(GS Paper 3: Conservation, Environmental Pollution and Degradation, Environmental Impact Assessment)
Context (Introduction)
Kerala’s proposed amendment to the Wildlife (Protection) Act, 1972 — empowering the State to declare certain species as ‘vermin’ — marks a critical federal moment in India’s environmental governance, balancing local distress with national conservation safeguards.
Main Arguments and Developments
- Federal Assertion in Environmental Governance: The Wildlife (Kerala Amendment) Bill, 2025 seeks powers previously vested in the Union Government, allowing the State to decide when a Schedule II animal can be declared vermin for specific areas and durations.
- Rationale of the Amendment: Kerala cites recurring human–wildlife conflicts, especially with wild boars damaging crops and endangering lives.
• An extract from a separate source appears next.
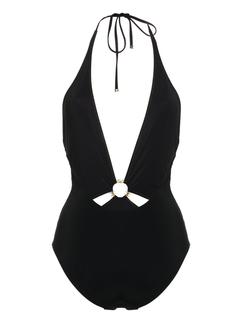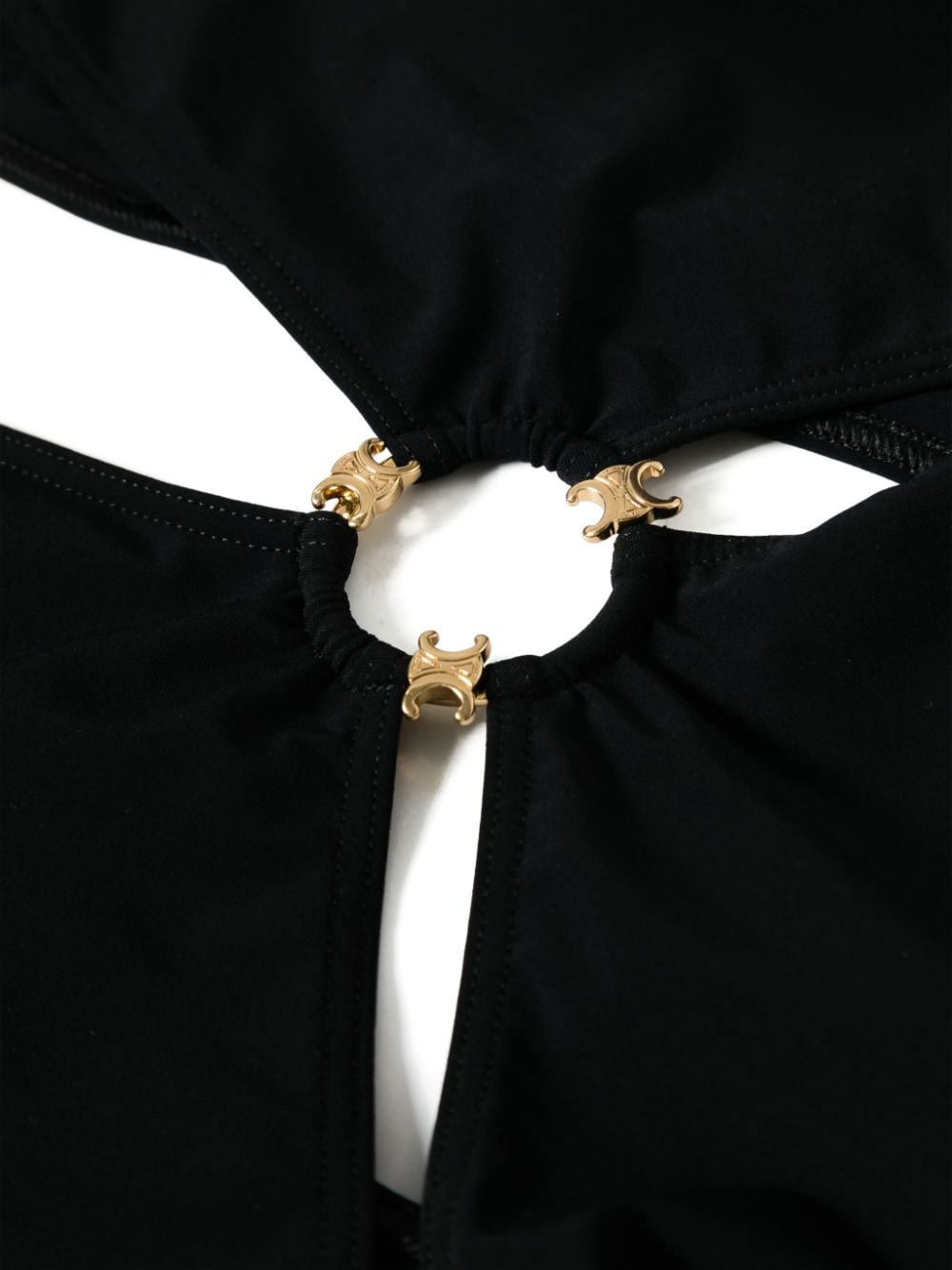 black stretch-design plunging V-neck sleeveless signature Triomphe motif cut-out detailing low back full lining halterneck tie fastening Be mindful to try on swimwear over your own garments.

Multiple unresolved requests to the Centre under Section 62 of the Wildlife (Protection) Act have driven the State to act independently.
- Expanded Administrative Powers: The Bill authorises the Chief Wildlife Warden to order killing, tranquilising, capturing, or translocating any animal that has severely injured a person — powers currently restricted under central oversight.
- Ecological and Ethical Concerns: The move risks normalising lethal solutions over ecological balance. Human expansion into buffer zones has intensified conflict, making wildlife appear as intruders rather than victims of habitat compression.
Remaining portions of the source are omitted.